The second dimension (F2), explaining 20.36% of the variance, reflects differences related to taste modulation and flavor balance. Sample 4 was associated with bitterness reduction and indicates that consumers perceived bitterness as a limiting factor and that reducing bitter notes represents a key direction for improving acceptance. Sample 3 was positioned near sweetness increases and saltiness increases; this suggests that consumers identified the need for enhancing sweetness and/or saltiness to achieve a more balanced flavor profile for this formulation.

4. Conclusions

The enrichment of sorghum-based extruded snacks with chokeberry pomace significantly improved their nutritional and functional properties, particularly by increasing total monomeric anthocyanins (up to 25.12 mg/100 g at 30% pomace) and antioxidant activity, with the highest bioactivity observed in formulations containing 27–30% pomace. The addition of 1% cinnamon further enhanced antioxidant activity compared to corresponding formulations without cinnamon.

Chokeberry pomace influenced key technological properties, contributing to a crispier more brittle texture due to the increased dietary fiber content, especially insoluble fractions. Both RSM and ANN models effectively predicted the influence of formulation variables on the above key parameters, demonstrating the value of advanced modeling approaches for snack product development.

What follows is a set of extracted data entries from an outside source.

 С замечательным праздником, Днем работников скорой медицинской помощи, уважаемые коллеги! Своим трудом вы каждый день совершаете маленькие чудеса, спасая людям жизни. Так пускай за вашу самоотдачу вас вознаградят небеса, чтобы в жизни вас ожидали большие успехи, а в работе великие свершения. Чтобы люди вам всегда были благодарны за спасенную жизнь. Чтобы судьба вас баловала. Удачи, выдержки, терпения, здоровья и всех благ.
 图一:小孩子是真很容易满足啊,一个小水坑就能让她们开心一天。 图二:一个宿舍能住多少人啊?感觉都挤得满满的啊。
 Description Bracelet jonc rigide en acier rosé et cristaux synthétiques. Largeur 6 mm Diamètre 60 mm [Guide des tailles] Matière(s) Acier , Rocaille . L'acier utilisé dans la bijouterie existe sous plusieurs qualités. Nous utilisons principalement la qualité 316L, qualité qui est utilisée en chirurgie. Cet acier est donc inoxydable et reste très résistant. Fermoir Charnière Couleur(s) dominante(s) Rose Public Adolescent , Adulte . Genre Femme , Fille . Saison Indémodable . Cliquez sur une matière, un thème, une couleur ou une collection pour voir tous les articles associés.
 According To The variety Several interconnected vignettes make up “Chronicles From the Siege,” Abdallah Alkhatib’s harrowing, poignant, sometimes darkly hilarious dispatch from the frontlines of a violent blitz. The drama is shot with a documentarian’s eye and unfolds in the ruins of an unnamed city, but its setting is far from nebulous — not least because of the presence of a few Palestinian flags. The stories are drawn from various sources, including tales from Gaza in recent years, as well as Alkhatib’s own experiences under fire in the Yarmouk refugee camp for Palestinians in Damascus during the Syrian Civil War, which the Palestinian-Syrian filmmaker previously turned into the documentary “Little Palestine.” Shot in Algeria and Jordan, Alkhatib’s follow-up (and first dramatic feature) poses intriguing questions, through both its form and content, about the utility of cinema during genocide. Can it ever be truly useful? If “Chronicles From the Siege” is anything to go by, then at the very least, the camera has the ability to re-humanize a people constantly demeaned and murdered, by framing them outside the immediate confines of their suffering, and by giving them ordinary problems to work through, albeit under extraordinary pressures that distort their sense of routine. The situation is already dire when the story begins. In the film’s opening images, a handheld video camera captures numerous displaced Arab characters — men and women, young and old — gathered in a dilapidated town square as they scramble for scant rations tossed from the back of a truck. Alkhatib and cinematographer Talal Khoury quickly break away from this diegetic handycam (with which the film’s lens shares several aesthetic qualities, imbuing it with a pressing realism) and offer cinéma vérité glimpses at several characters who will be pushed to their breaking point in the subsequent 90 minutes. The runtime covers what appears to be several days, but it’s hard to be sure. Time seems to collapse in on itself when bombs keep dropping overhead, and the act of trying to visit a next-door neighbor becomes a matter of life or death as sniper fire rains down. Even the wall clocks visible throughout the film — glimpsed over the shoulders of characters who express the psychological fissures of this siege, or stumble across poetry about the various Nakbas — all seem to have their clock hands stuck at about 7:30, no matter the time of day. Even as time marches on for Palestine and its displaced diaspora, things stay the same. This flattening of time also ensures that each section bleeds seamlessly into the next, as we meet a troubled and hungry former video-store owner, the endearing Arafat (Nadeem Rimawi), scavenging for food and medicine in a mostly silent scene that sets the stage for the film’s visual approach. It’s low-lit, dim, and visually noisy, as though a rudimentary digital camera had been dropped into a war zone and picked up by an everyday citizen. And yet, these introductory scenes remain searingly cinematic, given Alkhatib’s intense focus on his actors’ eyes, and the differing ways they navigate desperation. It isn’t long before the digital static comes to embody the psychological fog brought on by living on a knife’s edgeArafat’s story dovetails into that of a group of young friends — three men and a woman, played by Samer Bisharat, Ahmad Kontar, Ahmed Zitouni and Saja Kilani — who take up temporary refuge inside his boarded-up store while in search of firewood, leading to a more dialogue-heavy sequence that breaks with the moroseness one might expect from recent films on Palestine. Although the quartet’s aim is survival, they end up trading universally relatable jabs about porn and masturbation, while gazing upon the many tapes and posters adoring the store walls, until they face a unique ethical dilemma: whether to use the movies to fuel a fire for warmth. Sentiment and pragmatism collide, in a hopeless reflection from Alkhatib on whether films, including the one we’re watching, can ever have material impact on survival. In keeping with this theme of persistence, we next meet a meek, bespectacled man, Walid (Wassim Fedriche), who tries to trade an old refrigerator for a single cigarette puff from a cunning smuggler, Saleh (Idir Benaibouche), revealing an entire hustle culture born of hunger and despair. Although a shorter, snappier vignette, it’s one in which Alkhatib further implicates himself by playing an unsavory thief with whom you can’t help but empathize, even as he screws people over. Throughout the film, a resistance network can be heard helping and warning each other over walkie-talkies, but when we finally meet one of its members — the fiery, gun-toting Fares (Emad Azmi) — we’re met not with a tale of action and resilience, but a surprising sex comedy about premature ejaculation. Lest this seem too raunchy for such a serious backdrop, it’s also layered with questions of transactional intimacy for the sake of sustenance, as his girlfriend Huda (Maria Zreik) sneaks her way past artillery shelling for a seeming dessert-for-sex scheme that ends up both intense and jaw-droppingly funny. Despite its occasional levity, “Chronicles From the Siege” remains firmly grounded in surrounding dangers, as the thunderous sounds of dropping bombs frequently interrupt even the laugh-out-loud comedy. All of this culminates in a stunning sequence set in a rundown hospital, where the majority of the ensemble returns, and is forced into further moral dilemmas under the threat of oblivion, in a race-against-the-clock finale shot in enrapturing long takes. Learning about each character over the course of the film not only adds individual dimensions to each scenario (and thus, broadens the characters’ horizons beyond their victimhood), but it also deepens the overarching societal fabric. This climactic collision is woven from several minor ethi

Hedonic analyses indicate that overall consumer acceptance of the analyzed snack samples was primarily limited by insufficient taste and flavor intensity, while textural properties such as crispiness and hardness were generally well accepted.

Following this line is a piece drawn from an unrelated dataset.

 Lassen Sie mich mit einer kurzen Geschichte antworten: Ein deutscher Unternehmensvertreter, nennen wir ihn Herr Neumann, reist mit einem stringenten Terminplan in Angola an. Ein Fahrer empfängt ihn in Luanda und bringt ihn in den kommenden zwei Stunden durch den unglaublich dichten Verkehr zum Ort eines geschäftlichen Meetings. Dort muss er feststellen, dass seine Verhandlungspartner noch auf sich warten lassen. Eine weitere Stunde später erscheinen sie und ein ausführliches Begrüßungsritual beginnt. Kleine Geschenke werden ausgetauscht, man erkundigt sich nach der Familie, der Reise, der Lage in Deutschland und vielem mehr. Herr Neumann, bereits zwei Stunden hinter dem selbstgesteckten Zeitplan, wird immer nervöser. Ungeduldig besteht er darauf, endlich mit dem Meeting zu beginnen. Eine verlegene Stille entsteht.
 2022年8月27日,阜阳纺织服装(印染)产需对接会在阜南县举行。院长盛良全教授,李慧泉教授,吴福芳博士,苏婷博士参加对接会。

Based on the combined physicochemical and sensory results, an optimal formulation range of approximately 10–13% chokeberry pomace can be recommended, provided that further improvements in flavor are achieved through bitterness reduction and the optimization of sweetness and saltiness, thereby balancing enhanced bioactivity with acceptable structural and sensory properties.

From an industrial perspective, these findings highlight the potential of chokeberry pomace as a sustainable functional ingredient for the development of fiber-rich and antioxidant-enriched extruded snacks, supporting the valorization of juice-processing by-products in functional food production.